Over the years since I lost my loving husband, travel has provided immeasurable amounts of healing. To Marfa with Janice and Frank; to New York with Alice; to Spain with a group of like-minded art afficionados; to an Ann Patchett-like retreat at a quaint lake house in Michigan with the girls; and to various grandchildren in college towns like Amherst and Nashville, Spokane, and San Francisco.
Most often with traveling companions.
Also, alone on long deserted highways.
The path back from indescribable grief is excruciatingly long.
Years.
As I have navigated, I have developed some standards for a travel companion. A recent return visit to the south of Spain fortified my convictions.
The ideal travel companion:
· Makes the coffee every morning.
· Is fit and strong, often doing daily strengthening exercises on a hotel towel.
· Reminds you to drink more water.
· Emphasizes not THAT water.
· Turns the wrong way out of a hotel room as often as you do
.
· Introduces you to Spanish croquettes (Croquetas de Jamón Serrano)
and gently prods you to new tastes.
· Takes your arm on the cobbliest cobblestone roads.
· Knows the story behind every figure in Velasquez’s Las Meninas.
· Suggests that the cowhide belt is more interesting than the brown leather one you selected as a splurge in Cordoba.
· Refrains from “I told you so” when you insist on turning the wrong way at the Plaza del Sol.

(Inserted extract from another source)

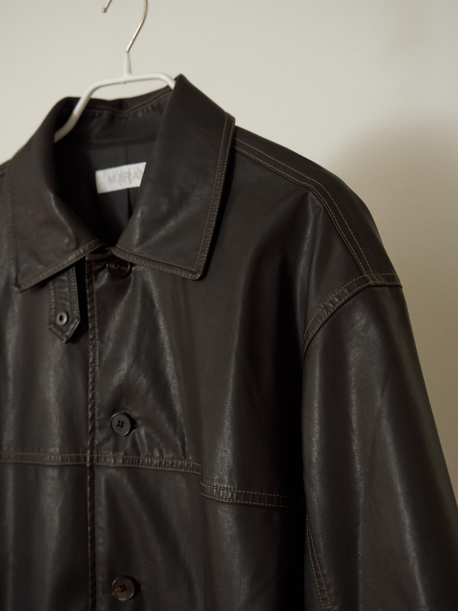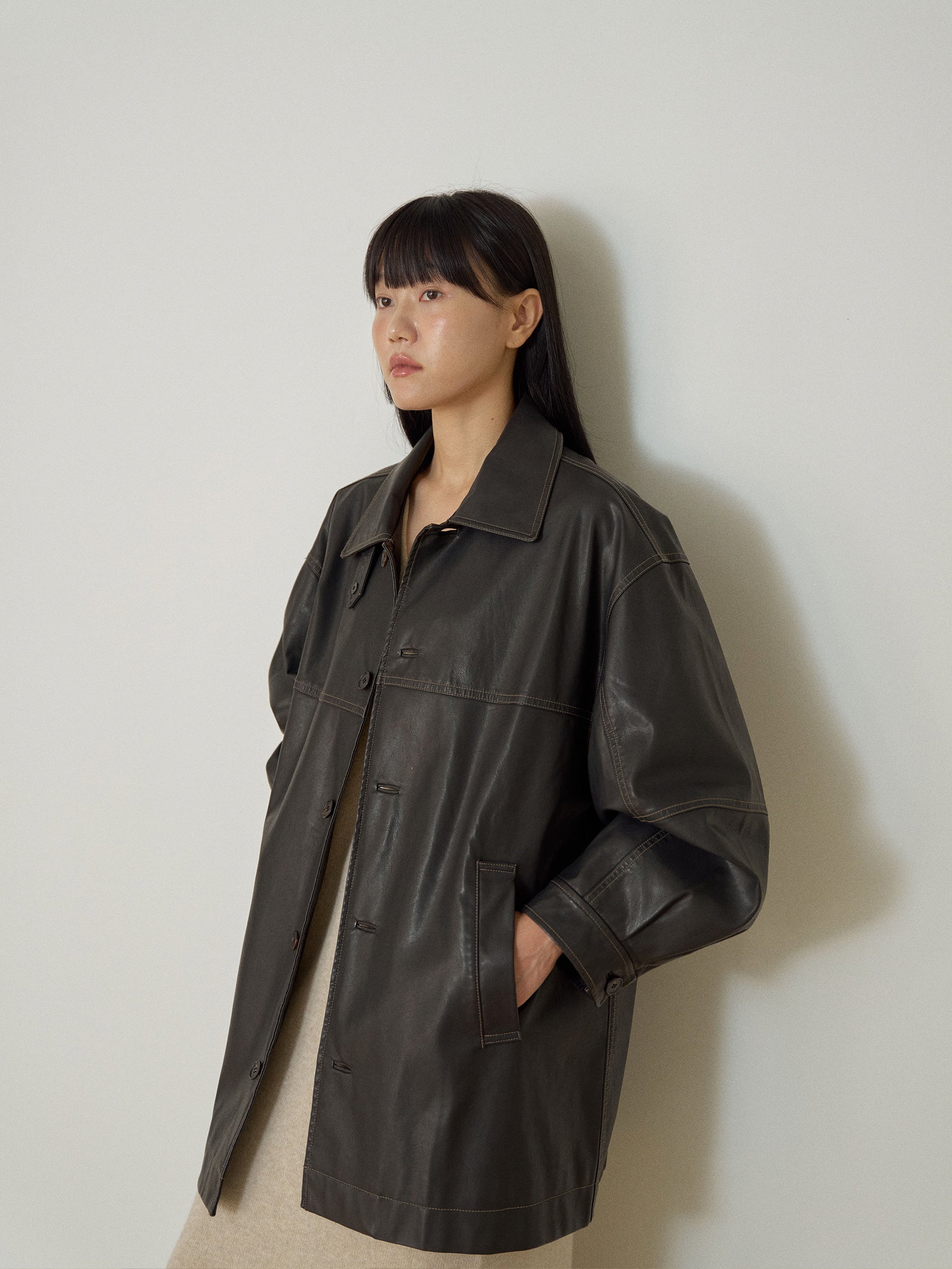 インドアでもアウトドアでも活躍する、オーバーサイズのフェイクレザー製ハーフコート。

· Knows the secret to solving directional disputes is a chocolate croissant.
· Instantly recognizes the bronze statues of Maimonides and doesn’t make you feel like a dodo for not knowing one of the most influential Torah scholars of the Middle Ages.
· Handles the currency with ease and botches the language as badly as you do.

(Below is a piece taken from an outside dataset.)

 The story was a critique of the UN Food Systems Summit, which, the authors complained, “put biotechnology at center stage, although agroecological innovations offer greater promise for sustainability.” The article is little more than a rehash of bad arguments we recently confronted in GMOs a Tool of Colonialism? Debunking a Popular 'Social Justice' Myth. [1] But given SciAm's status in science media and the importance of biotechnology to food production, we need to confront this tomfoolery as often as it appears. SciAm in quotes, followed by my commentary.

· Is an endless source of historical facts about the Spanish Armada, the Visigoths, Neolithic times yet is willing to listen to your prattle.
· Meets every emergency need with his backpack stash of bandages, steroid cream, cough drops, protein bars, and Tums.
· Is a brand-new person after a ten-minute snooze.
· Appreciates a romantic dinner as much for its presentation as for its content and is careful not to let his continental gourmet taste overshadow your banal palette.
· Is incredibly discerning over wines.
· Must have dessert.
· Doesn’t get pissed off when you refuse to share your mandarin gelato.
· Is committed to 10,000 steps a day and to walking after every meal.
· Is already planning the next adventure as we travel home.
The ideal travel companion?
I found him.
How lovely to have the "perfect" travel companion. And to travel. Thanks for sharing what matters to you as traveler. You do it so well.